Infamous security firm gets €80m CIA deal

The CIA has signed a $100 million (€80m) contract with the private security firm formerly known as Blackwater Worldwide, to guard its facilities in Afghanistan and elsewhere.

Infamous security firm gets €80m CIA deal

The Washington Post, quoting an anonymous industry source, wrote that the classified contract with the renamed Xe Services “is for protective services . . . guard services, in multiple regions.”

The daily reported that two other security contractors, Triple Canopy and DynCorp International, put in losing bids for the Central Intelligence Agency’s business.
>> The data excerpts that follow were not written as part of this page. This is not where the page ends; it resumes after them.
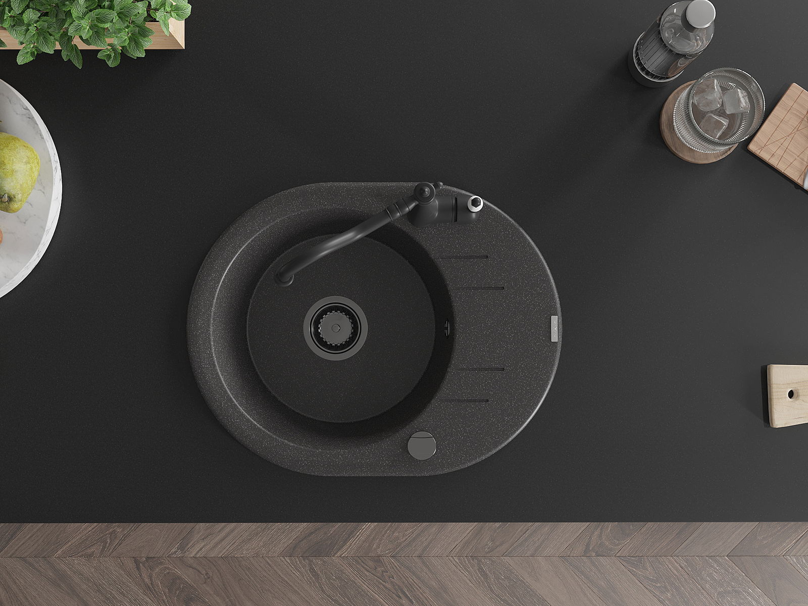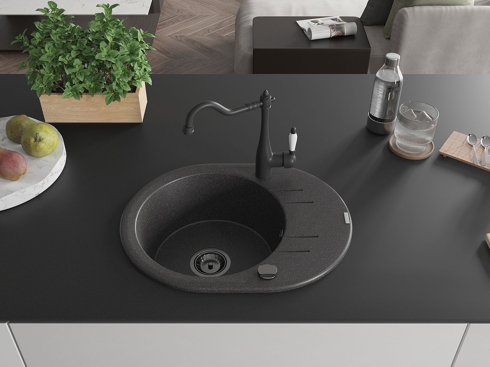 Il lavello è realizzato in granito di alta qualità. Rappresenta un complemento elegante e, soprattutto, pratico per ogni cucina, indipendentemente dal suo stile. L'alta qualità e la durata del granito garantiscono un utilizzo che dura per molti anni.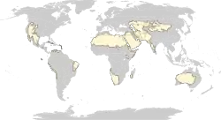 Deserts and xeric shrublands are a biome defined by the World Wide Fund for Nature.[1] Deserts and xeric (ancient Greek xērós, “dry") shrublands form the largest terrestrial biome, covering 19% of Earth's land surface area.[2] Ecoregions in this habitat type vary greatly in the amount of annual rainfall they receive, usually less than 250 millimetres (10 in) annually except in the margins. Generally evaporation exceeds rainfall in these ecoregions. Temperature variability is also diverse in these lands. Many deserts, such as the Sahara, are hot year-round, but others, such as East Asia's Gobi, become quite cold in winter.[1]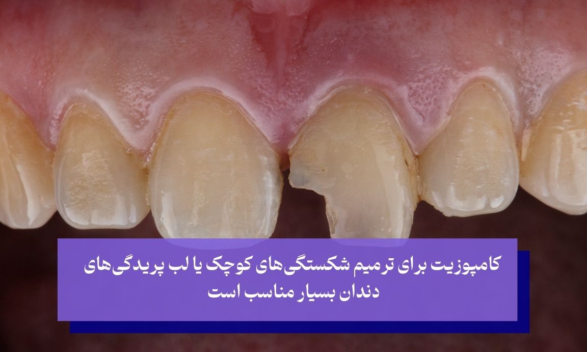 - ترمیم شکستگی یا لب پریدگی دندان: کامپوزیت برای ترمیم شکستگیهای کوچک یا لب پریدگیهای دندان بسیار مناسب است.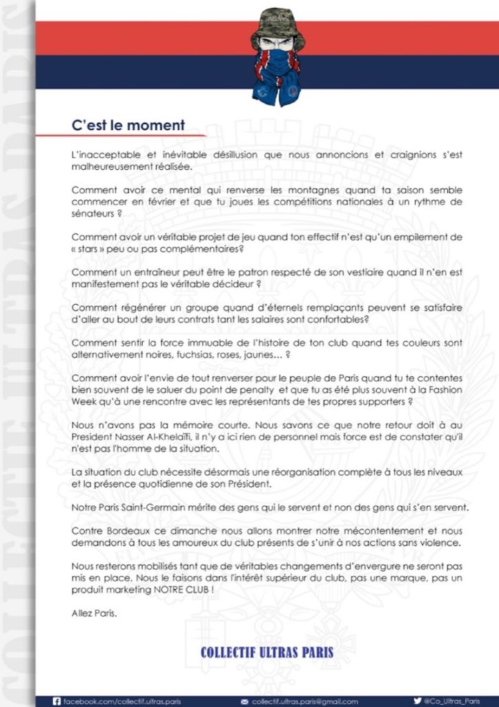 Dans un communiqué titré « c’est le moment », le collectif Ultras Paris annonce qu’il va « montrer son mécontentement » à cette occasion, et demande du changement, estimant notamment que Nasser Al-Khelaïfi « n’est pas l’homme de la situation ».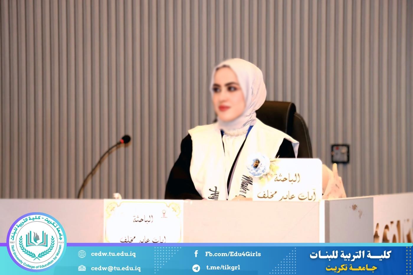 نوقشت في كلية التربية للبنات، قسم اللغة الإنكليزية، اليوم الأربعاء الموافق 20/ 8/ 2025، على قاعة المرحوم الأستاذ الدكتور جايد زيدان في عمادة الكلية، رسالة الماجستير المقدمة من الطالبة آيات عايد مخلف، والموسومة: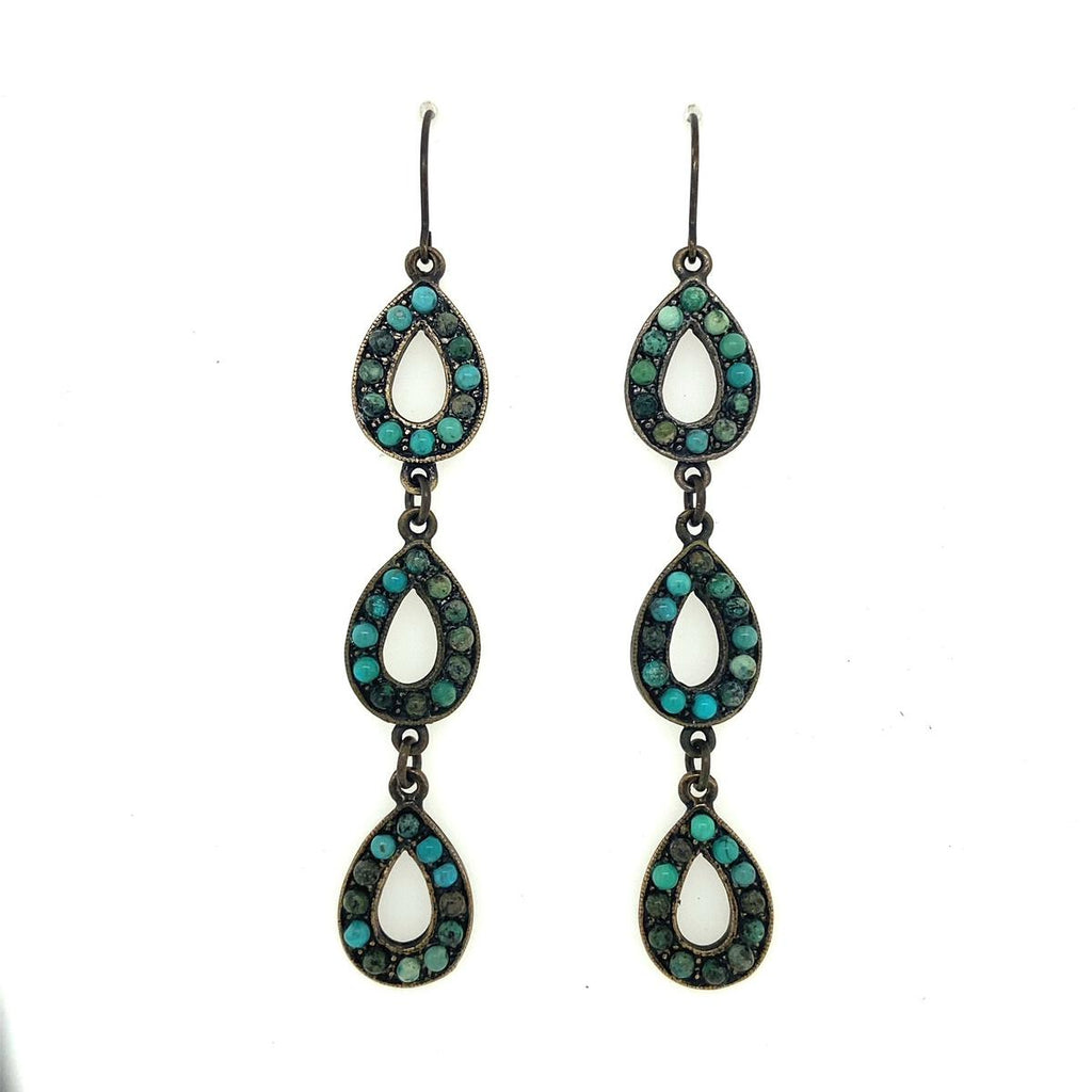 Rebel triple tear drop dangle earrings. Antique brass finish with African turquoise semi precious stone beads. Handmade in New York. Style #1376.

The CIA contract award comes after the US State Department last week awarded Xe a security services contract worth some $120 million (€97m) for work in Afghanistan.

Under the contract, Xe will provide “protective security services” at the US consulates in Herat and Mazar-e-Sharif.

The controversial and secretive Blackwater was thrown into the spotlight after five of its guards were accused of killing 17 unarmed Iraqis in a gun and grenade attack, and wounding some two dozen others during a September 2007 incident at the busy Nisur Square in Baghdad.

Earlier this month, Iraq expelled 250 former employees of the security firm.

The North Carolina-based firm lost its contract to provide security for US embassy diplomats in Baghdad in May 2009 after Iraqis and others repeatedly accused it of adopting a cowboy mentality.